Kara itched at her shoulder. “Terrible. They smell like sour wine, and they’re barely hanging off me. I’m not quite sure the blanket was that much worse.”
Maklavir gave the pretty redhead a lascivious side-glance. “
I
certainly liked the blanket more.”
Kara rolled her eyes. “I’ll bet you did. Do you even now where you’re going?”
The diplomat gave a broad shrug. “More or less. At least I have some decent light this time around. Makes things a little easier.”
“Just don’t get us lost.”
Maklavir gave her a charming smile. “Anything for three hapless ladies.”
Kara paused for a moment, then lowered her voice. “Maklavir?”
“Yes?”
Kara looked quickly behind her, making sure Greslin and Ilsa weren’t overhearing their conversation. “About earlier…I just wanted to say that what you did was very—”
Maklavir sighed, prepared for inevitable insult. “Very
what
?”
Kara put a hand on Maklavir’s arm. “Brave.”

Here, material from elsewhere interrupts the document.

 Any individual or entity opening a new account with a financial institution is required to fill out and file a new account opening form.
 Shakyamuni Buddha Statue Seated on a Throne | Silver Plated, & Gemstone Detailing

“Oh.” Maklavir rolled back his shoulders and cleared his throat nervously. “I see. Well, I guess it
was
rather…” He made a face. “To be perfectly honest, Kara, I didn’t really think things through very well. I just…
acted
. Rather stupidly, too, I might add.”
Kara smiled sweetly. “I imagine that’s how most people end up doing courageous things.”
Maklavir shook his head disdainfully. “Well don’t worry. I promise I won’t make it a habit or anything.”

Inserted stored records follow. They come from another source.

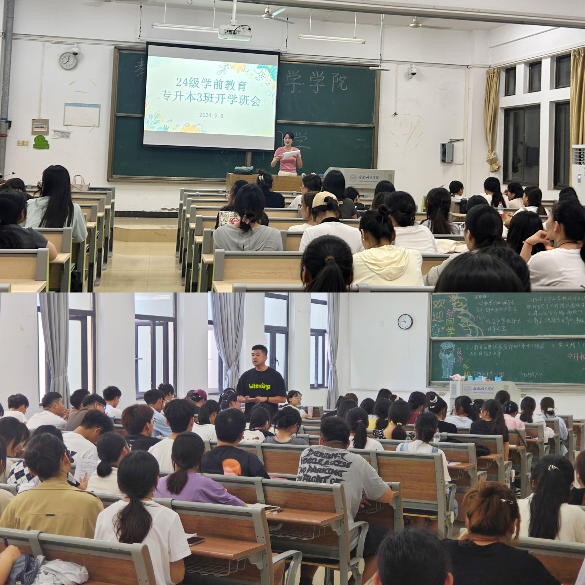 9月8日晚,beat365中文官方网站2024级专兼职辅导员在锦绣和滨湖校区分别开展了新生第一次主题班会,介绍了校园生活环境,强调了校规校纪,提醒大家牢固树立“反电诈”安全意识,并给予同学们学习生活方面的建议,让新生们对即将开始的大学生活有了更为清晰的认识。
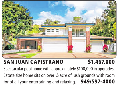 SAN JUAN CAPISTRANO $1,467,000 Spectacular poolhomewithapproximately $100,000 in upgrades. Estate size home sits on over½acreoflushgroundswithroom forofall your entertainingand relaxing. 949/597-4000
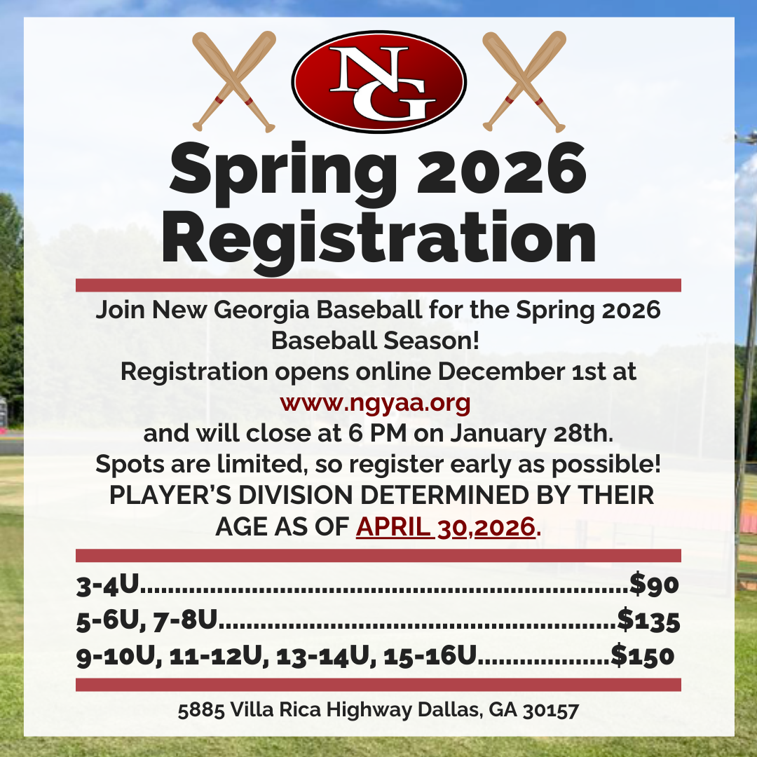 Registration for the SPRING 2026 season will open on Monday, December 1st at 7:00 AM and will close on January 28th, unless an age group reaches capacity beforehand.
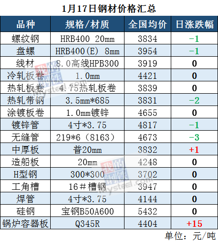 原标题:1月17日钢材价格汇总截至1月17日17:00,螺纹钢HRB400 20mm全国均价3834元/吨,跌1元/吨;线材8.0高线HPB300全国均价3919元/吨,无涨跌;冷轧板卷1.0mm全国均价4421元/吨,无涨跌;4.75热轧板卷全国均价38…
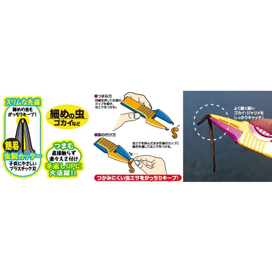★手を離しても虫餌が逃げない!逆作用式。細いゴカイやジャリメをしっかりキャッチ!・虫エサが苦手な方にオススメ ・スリム先端で細めの虫エサに最適 ・手を離しても虫エサをがっちりキープする逆作用式 ・簡易虫エサカッター付き※掲載している商品の画像は代表画像を表示しています。また実物と色が違って見える場合があります。あらかじめご了承下さい。
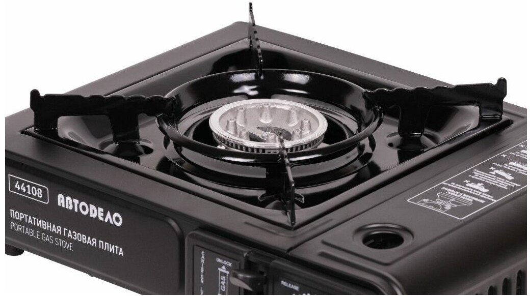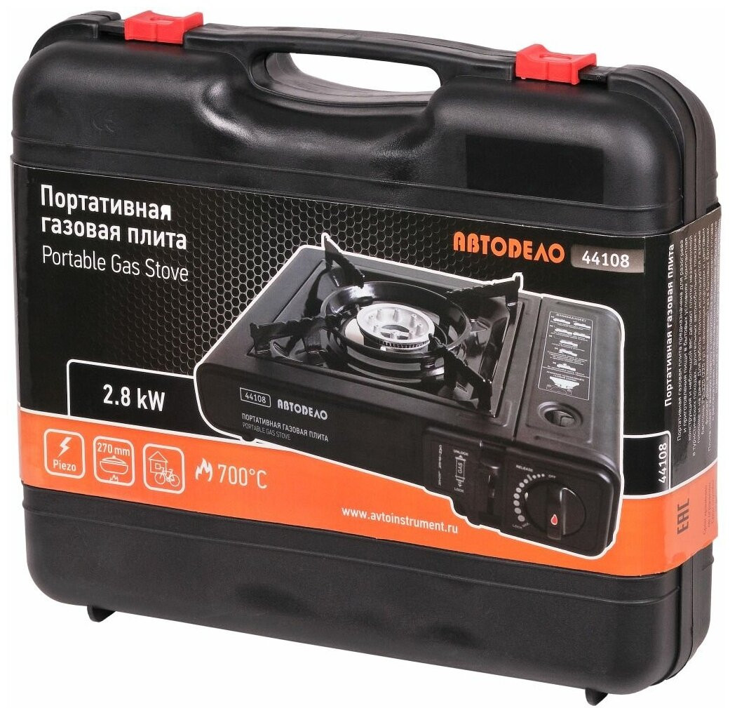 Плитка газовая портативная АвтоДело— незаменимый помощник для водителей, рыбаков, охотников, туристов, дачников. Плита очень легка и удобна в использовании, не занимает много место в багажнике или салоне автомобиля. Работает от одного одноразового цангового газового баллона, который размещается внутри плиты. Рабочая поверхность плиты изготовлена из стали, покрытой огнеупорной эмалью, что увеличивает срок службы изделия. Плита оснащена пьезоэлектрическим поджигом и блоком управления подачей газа. Наличие портативной газовой плиты в автомобиле или на даче значительно упрощает процесс приготовления и разогрев пищи, так же плитка может служить источником тепла в холодное время года. Транспортировка и переноска плиты осуществляется в удобном пластиковом кейсе.
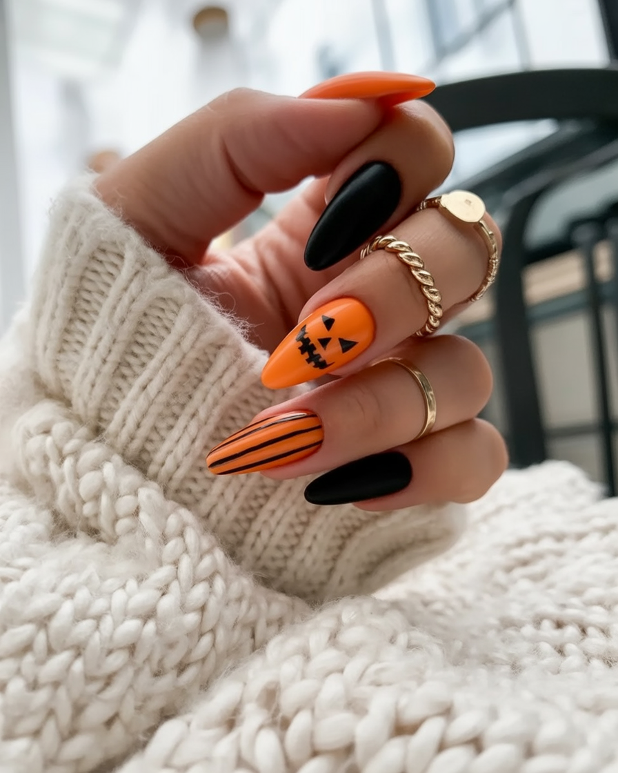 This outfit gives an impression of bundling up in a knit sweater and holding a pumpkin spice latte. These nails are cute and fun simultaneously as they have alternating orange and black and stripe details as well as a smiling jack-o-lantern.
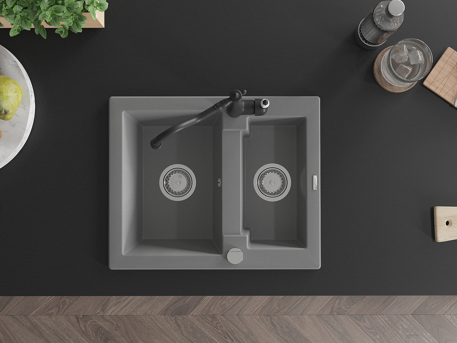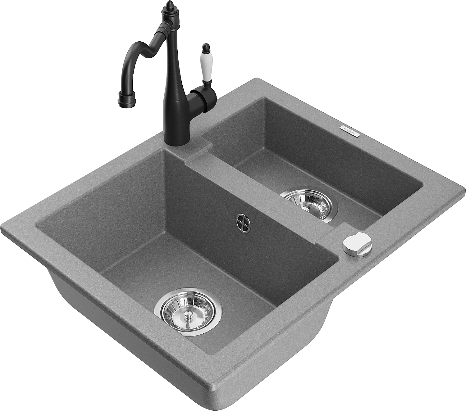 Mexen Carlos žulový dřez s 1,5 komorami s kuchyňskou baterií Carla, šedý - 6518-71-670700-70
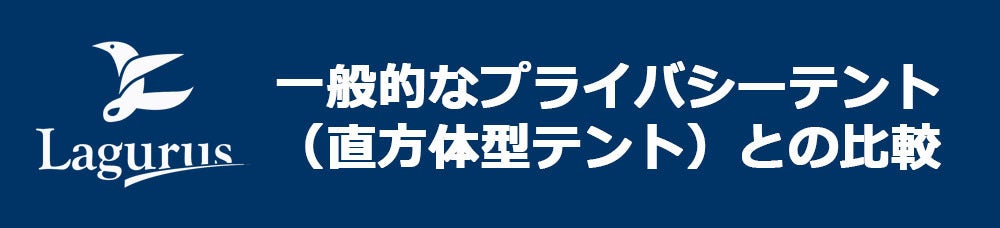 そのため、一般的なプライバシーテント(直方体型テント)と比べ、広さ、防水性・強度などで優れた商品です。
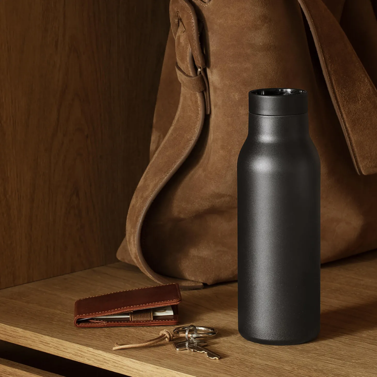 Termoflasken gør det muligt altid at have koldt vand med på farten. De dobbeltvæggede sider med vakuumeffekt holder vandet koldt længe, flasken kan nemt betjenes med én hånd og det praktiske kliklåg giver dig mulighed for at drikke fra alle sider. Flasken er fremstillet i robuste materialer, som tåler hyppig hverdagsbrug og er 100% tæt, så den er nem at tage med i tasken. Kan også bruges til varme drikke. Holder temperaturen – koldt i 12 timer og varmt i 6 timer. 5 års garanti mod fabrikationsfejl.

The redhead kissed him lightly on the cheek.
Maklavir turned to her in surprise. “What was that for?”
“For being brave.” She smirked. “Or stupid. Take your pick.”
Cannon shots rumbled through the night air like distant thunder. Long, forlorn lines of militiamen, lacking any kind of uniform other than a basic colored scarf tied around their arms, shambled through the dark streets and into the square past the burnt wreck of the opera house. Their faces were smeared with dirt and ash, and many were limping or hobbling on makeshift crutches for support. Bloody rags wrapped around wounds showed the injuries they had suffered.
But it was their eyes that distrurbed Kendril the most. They were the eyes of dead men. There was no life in them, no hope.
The battle was being lost up north by the bridge known as the Wobble. And he was stuck in this tiny little city square baby-sitting Baron Dutraad when he should have been up there with Olan and the others, battling against the demon Indigoru.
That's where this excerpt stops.